What you give back from the listing below should be an exact copy of the lines from the one with "展销现场如火如荼,线上直播同" down to the one with "Determination of B[α]P", and it should contain no pictures.

─── Dataset records

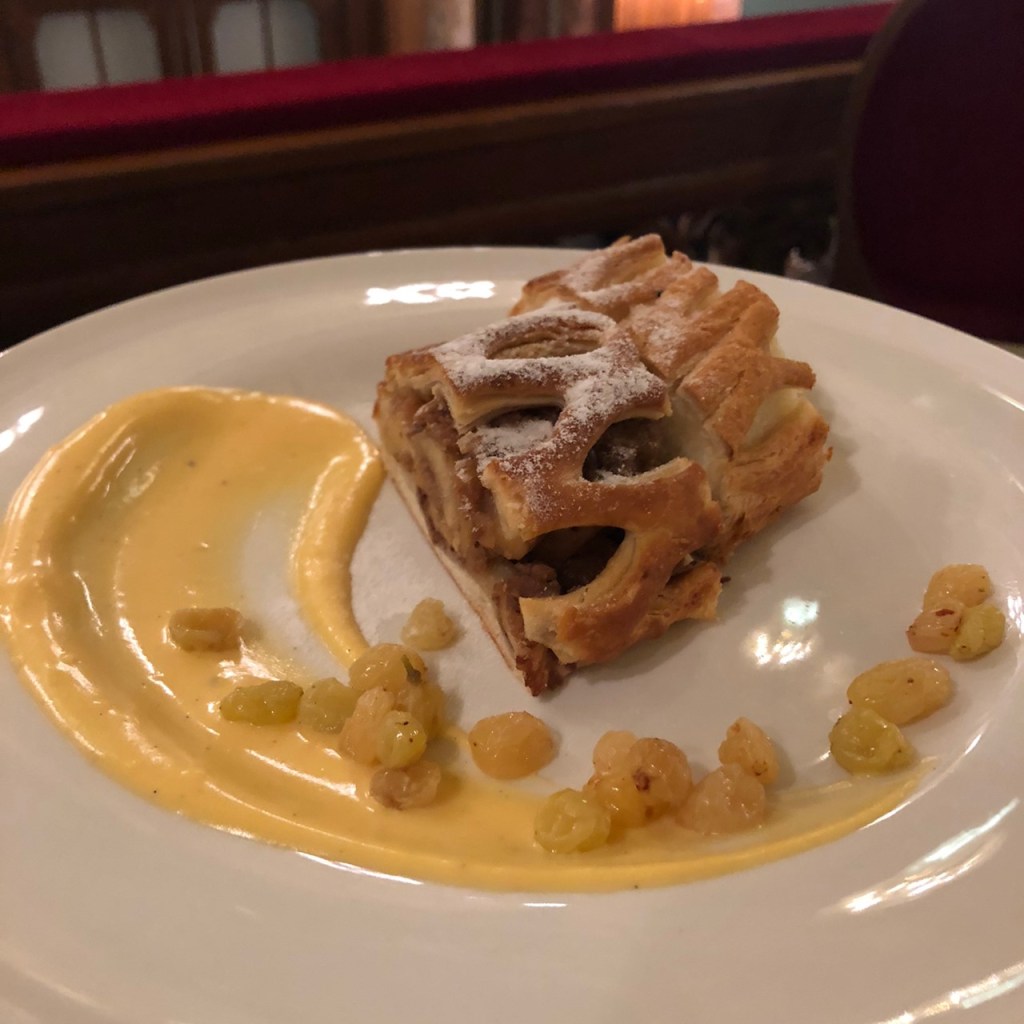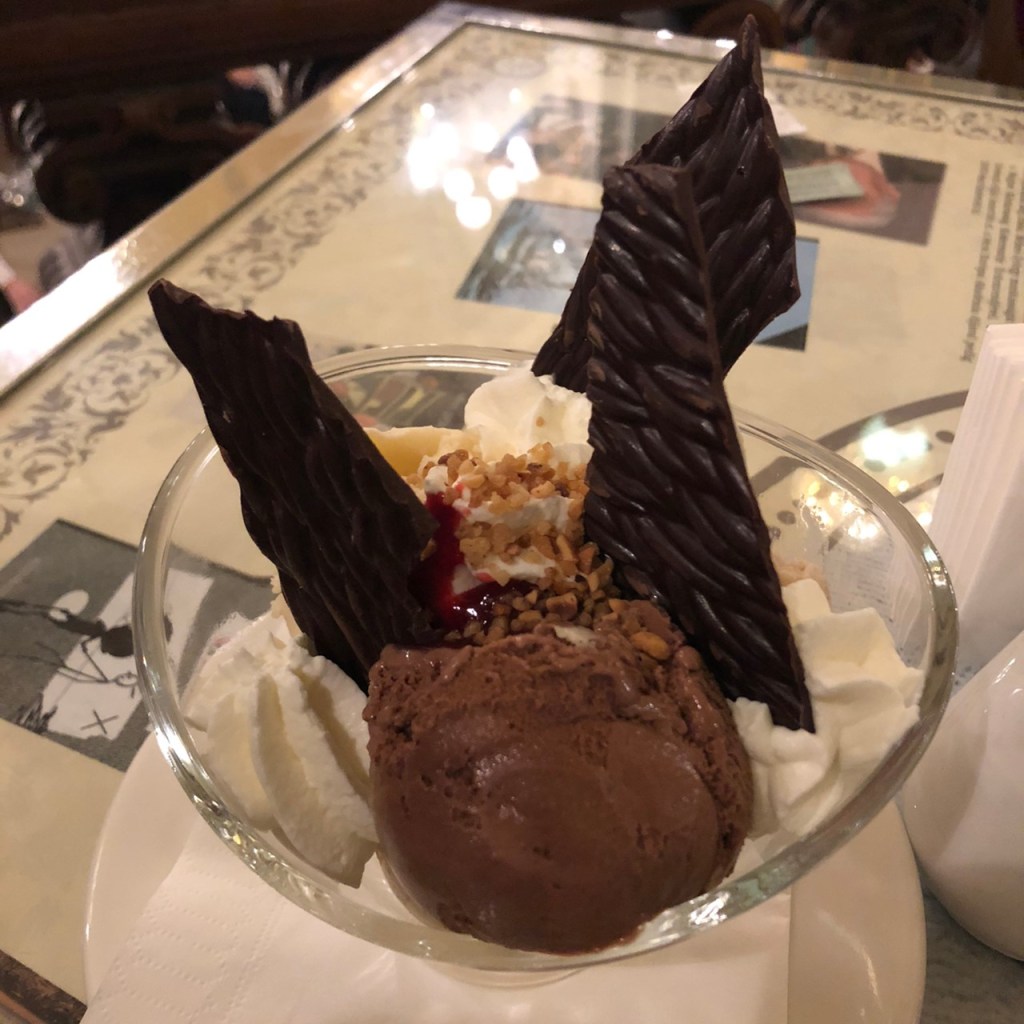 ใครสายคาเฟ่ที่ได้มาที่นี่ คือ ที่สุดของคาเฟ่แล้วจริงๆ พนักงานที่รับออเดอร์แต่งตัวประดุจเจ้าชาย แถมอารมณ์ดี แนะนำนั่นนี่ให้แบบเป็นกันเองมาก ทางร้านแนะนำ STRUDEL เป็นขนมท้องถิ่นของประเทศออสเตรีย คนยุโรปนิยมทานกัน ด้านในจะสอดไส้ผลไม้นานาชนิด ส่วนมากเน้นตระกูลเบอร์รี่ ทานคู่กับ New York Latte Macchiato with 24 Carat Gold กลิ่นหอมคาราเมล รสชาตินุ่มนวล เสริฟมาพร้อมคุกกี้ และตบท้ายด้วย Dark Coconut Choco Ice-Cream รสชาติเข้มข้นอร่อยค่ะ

──────
─── Dataset records

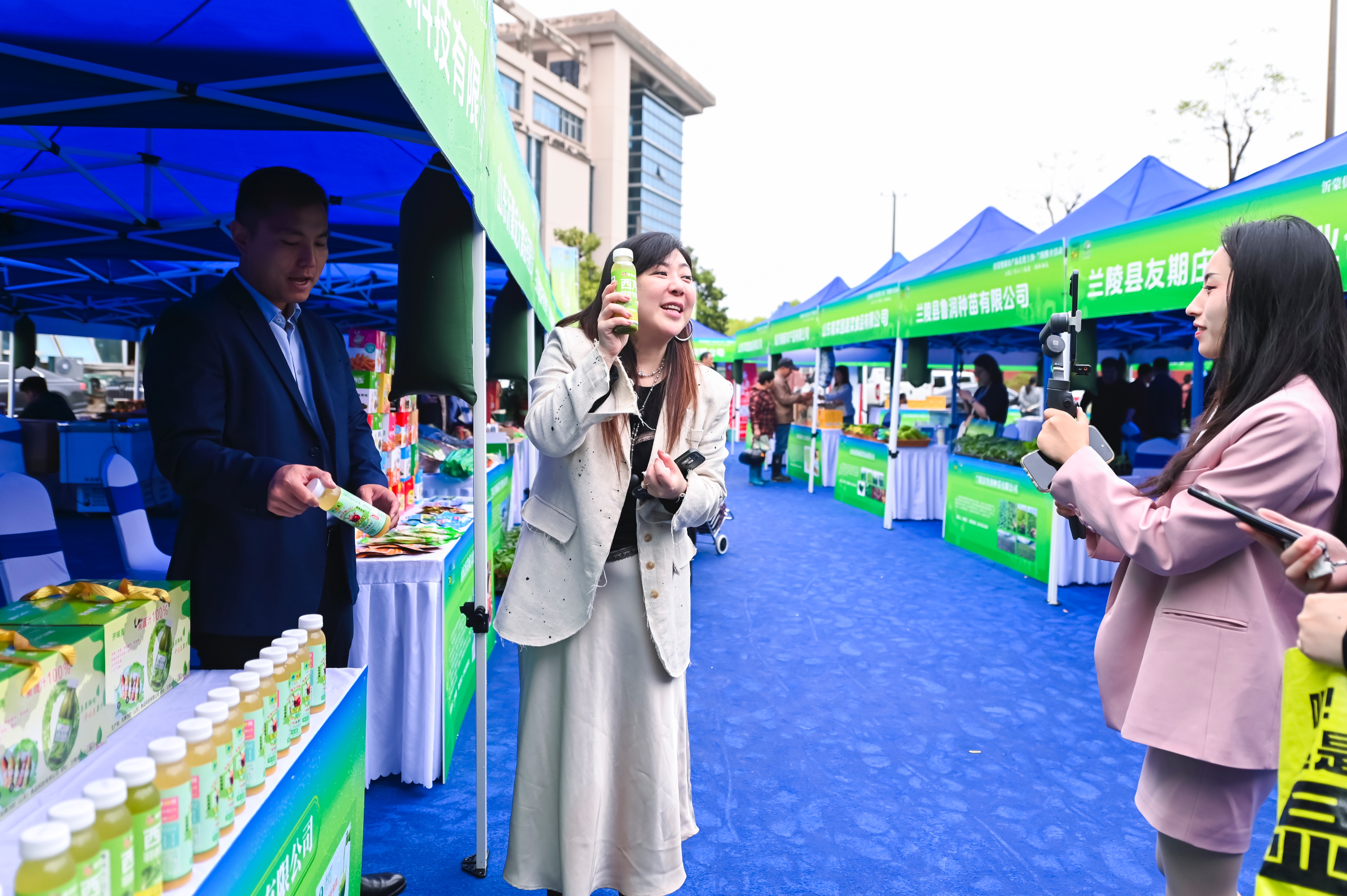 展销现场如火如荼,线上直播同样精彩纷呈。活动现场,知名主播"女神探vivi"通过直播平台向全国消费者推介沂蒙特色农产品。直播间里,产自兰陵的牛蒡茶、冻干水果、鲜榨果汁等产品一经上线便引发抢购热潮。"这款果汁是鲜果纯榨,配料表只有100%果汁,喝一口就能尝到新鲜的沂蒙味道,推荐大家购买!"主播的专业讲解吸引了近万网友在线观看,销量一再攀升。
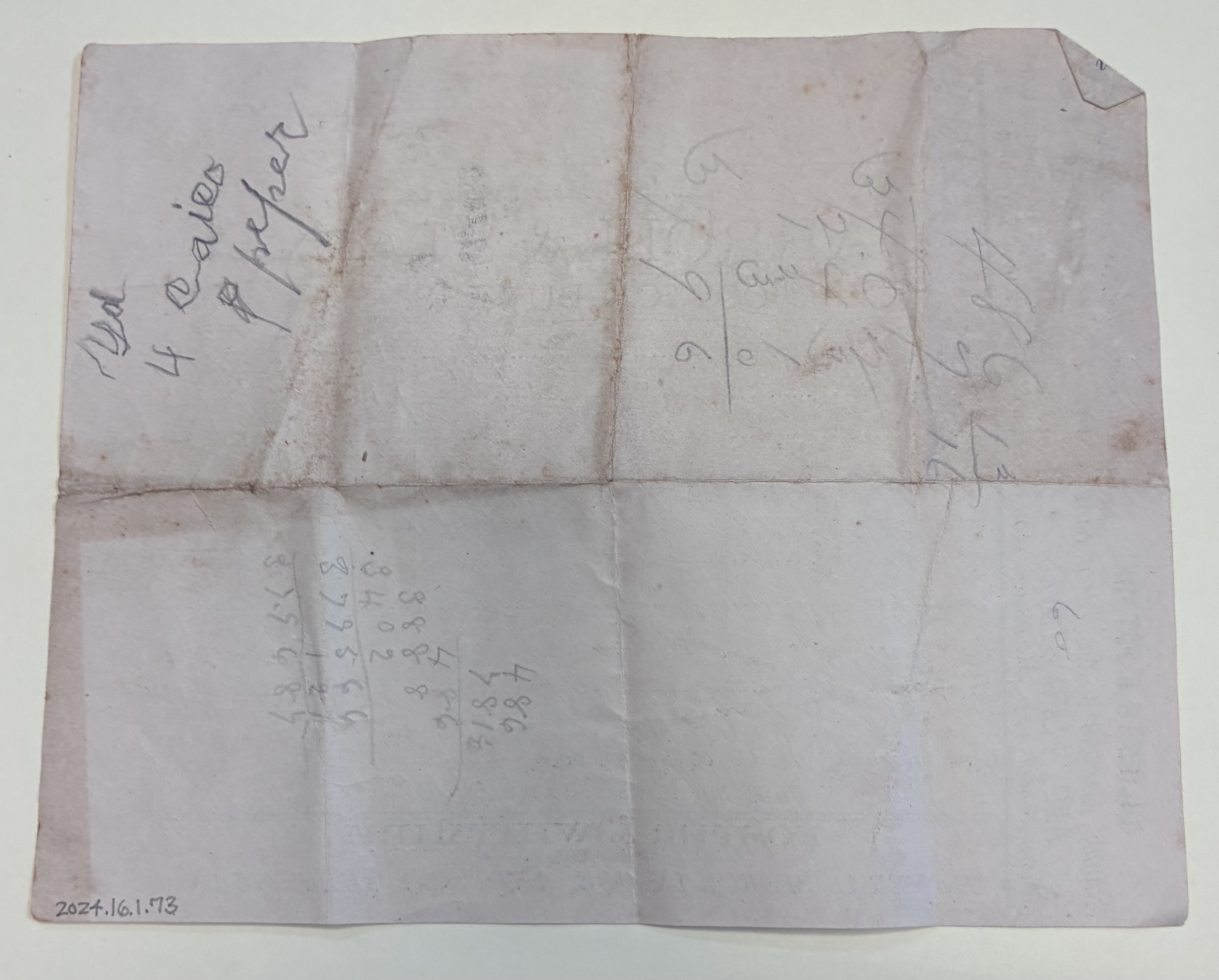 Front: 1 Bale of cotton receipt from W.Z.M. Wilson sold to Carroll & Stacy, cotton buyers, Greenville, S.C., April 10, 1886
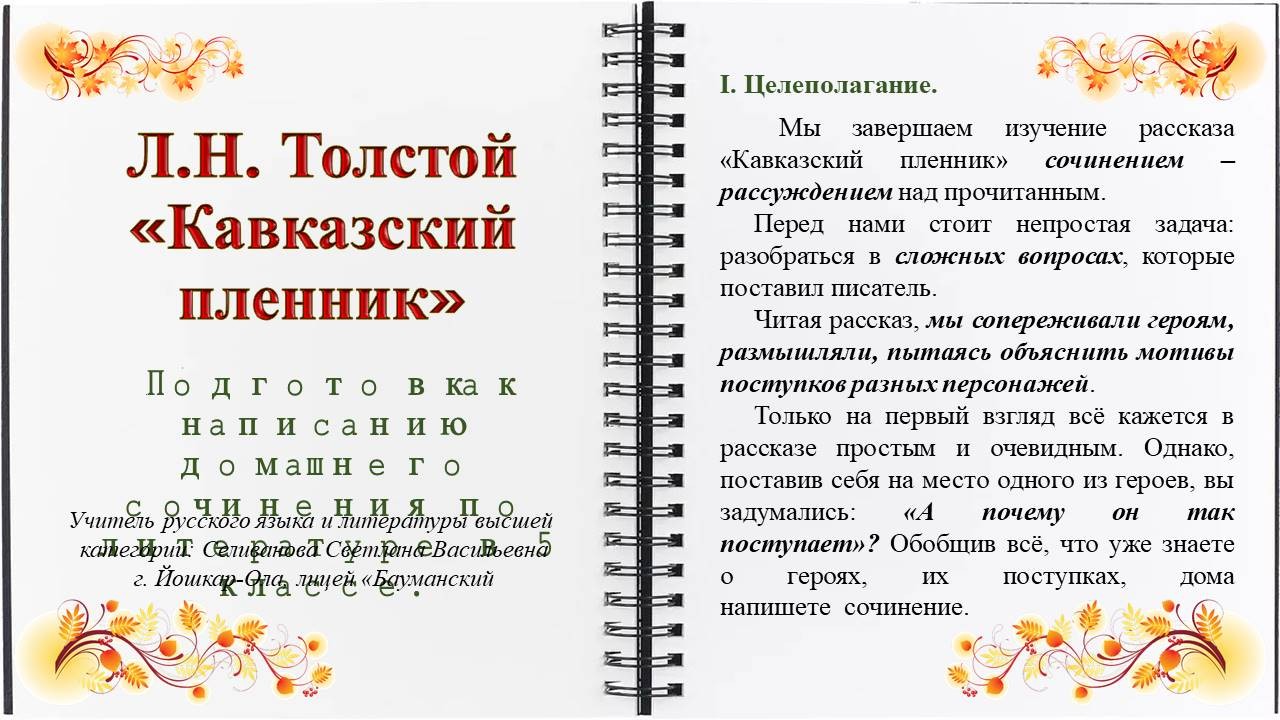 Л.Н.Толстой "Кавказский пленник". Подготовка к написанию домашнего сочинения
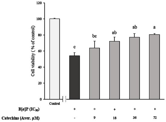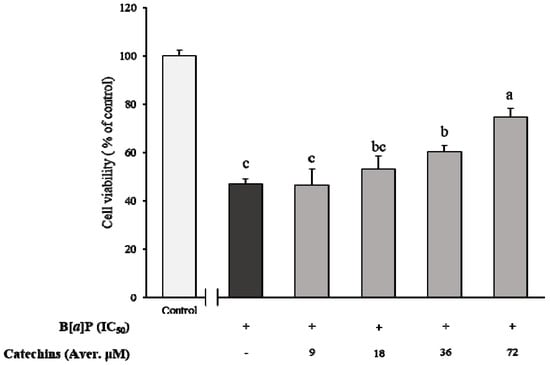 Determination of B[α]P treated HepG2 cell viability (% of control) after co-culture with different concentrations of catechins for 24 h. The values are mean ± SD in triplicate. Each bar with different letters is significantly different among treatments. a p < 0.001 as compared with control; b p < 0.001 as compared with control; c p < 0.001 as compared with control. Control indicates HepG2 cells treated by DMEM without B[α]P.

──────

Problem solution:
 展销现场如火如荼,线上直播同样精彩纷呈。活动现场,知名主播"女神探vivi"通过直播平台向全国消费者推介沂蒙特色农产品。直播间里,产自兰陵的牛蒡茶、冻干水果、鲜榨果汁等产品一经上线便引发抢购热潮。"这款果汁是鲜果纯榨,配料表只有100%果汁,喝一口就能尝到新鲜的沂蒙味道,推荐大家购买!"主播的专业讲解吸引了近万网友在线观看,销量一再攀升。
 Front: 1 Bale of cotton receipt from W.Z.M. Wilson sold to Carroll & Stacy, cotton buyers, Greenville, S.C., April 10, 1886
 Л.Н.Толстой "Кавказский пленник". Подготовка к написанию домашнего сочинения
 Determination of B[α]P treated HepG2 cell viability (% of control) after co-culture with different concentrations of catechins for 24 h. The values are mean ± SD in triplicate. Each bar with different letters is significantly different among treatments. a p < 0.001 as compared with control; b p < 0.001 as compared with control; c p < 0.001 as compared with control. Control indicates HepG2 cells treated by DMEM without B[α]P.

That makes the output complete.